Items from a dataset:

★ ★ ★ ★ ★ ★ ★

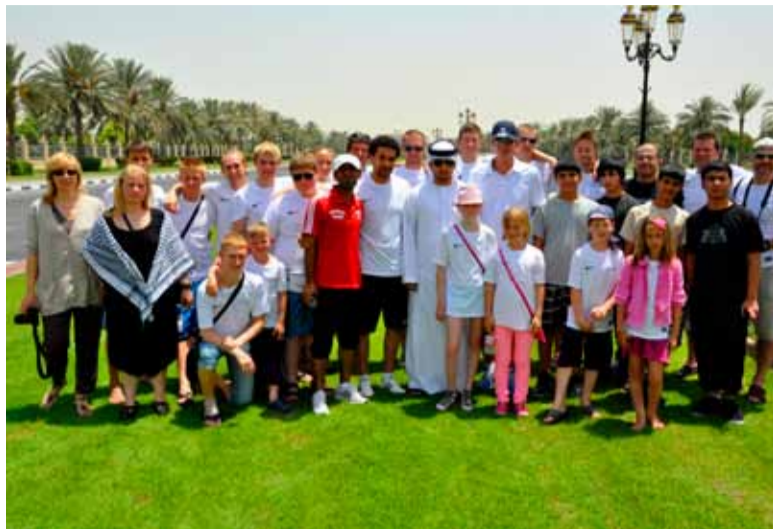
Saue Taekwondoklubi suvelaager oli tänavu 20. juunist kuni 4. juulini Araabia Ühendemiraatides Dubais Sharjah klubis.

Badri sõnul oli laager Dubais midagi enam kui pelgalt treeninglaager: see andis võimaluse tutvuda teise maa kultuuri, aja-
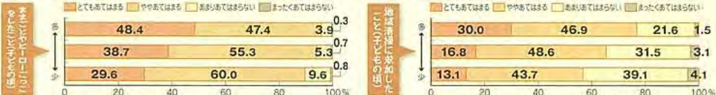
出典「子どもの体験活動の実態に関する調査研究」国立青少年教育振興機構 平成22年

「自然の中で遊んだことや自然観察をしたことがある」と回答している子どもの方が、学力調査の平均正答率が高い傾向にあります。
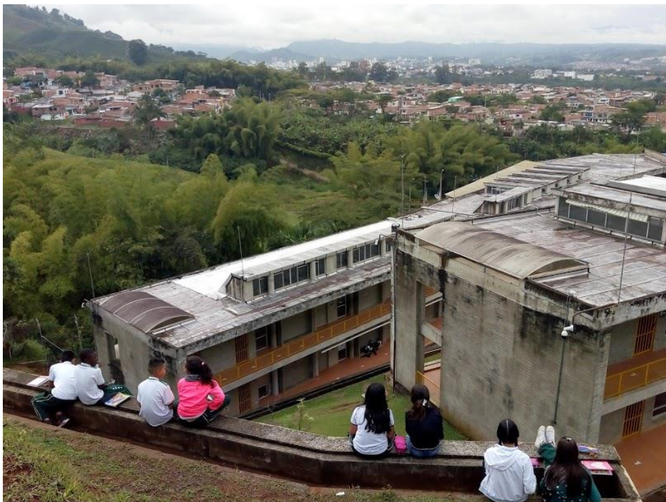
Martes 10 de abril, grupo 6.3, tema: la corteza terrestre
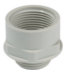
Резьбовой переходник/ адаптер
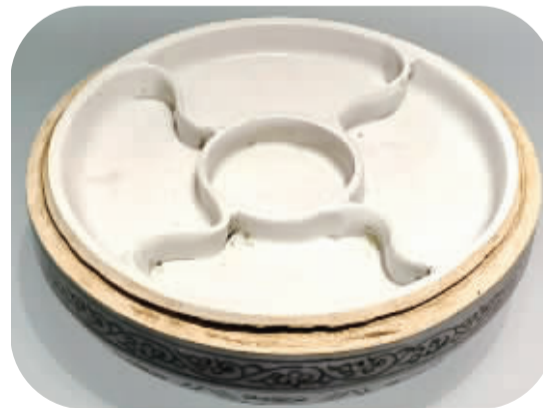
■元青花龙纹食盒什锦隔盘。
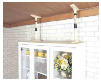
突っ張り棒のほか耐震シート、粘着耐震ゴムなどがあります

地震が発生したとき、建物が倒壊しなくても、室内の家具類の転倒等により被害を受けてしまうことがあります。 市では、震災時の家具類転倒等による被害の減少を目的に、市内に居住する世帯に対して、家具の転倒防止器具等を支給します。 また65歳以上の方のみの世帯や障がいをお持ちの方のいる世帯等に対しては、器具等の取り付けも行います。
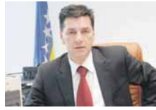
ЗЕНИЧАНИМА НИСАМ ОБЕЉАО СУЛТАНАТ, НЕГО ЕВРОПСКИ ГРАД И НА ЕВРОПСКИ НАЧИН ЋУ РИЈЕШИТИ ПРОБЛЕМА ПАСА ЛУТАЛИЦА.

Меркелова је навела да подржава Пленковићеве иницијативе.
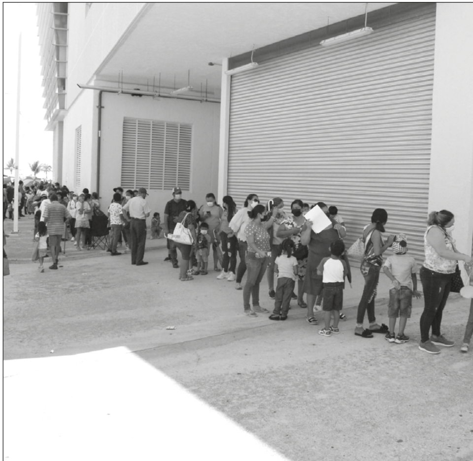
▲ La jornada de inmunización tendrá lugar este jueves y viernes.

Igualmente señalan que darán prioridad a los menores con comorbilidades, alguna discapacidad y a quienes les entregaron fichas en la pasada jornada que no pudo terminarse por el desabasto de dosis disponibles. Las medidas de sanidad se mantendrán en dicha jornada para contener la propagación del virus.

★ ★ ★ ★ ★ ★ ★

PROBLEM TO SOLVE: Please report every line of the records above that contains the word "Dubais".

SOLUTION TO THE PROBLEM:
Saue Taekwondoklubi suvelaager oli tänavu 20. juunist kuni 4. juulini Araabia Ühendemiraatides Dubais Sharjah klubis.
Badri sõnul oli laager Dubais midagi enam kui pelgalt treeninglaager: see andis võimaluse tutvuda teise maa kultuuri, aja-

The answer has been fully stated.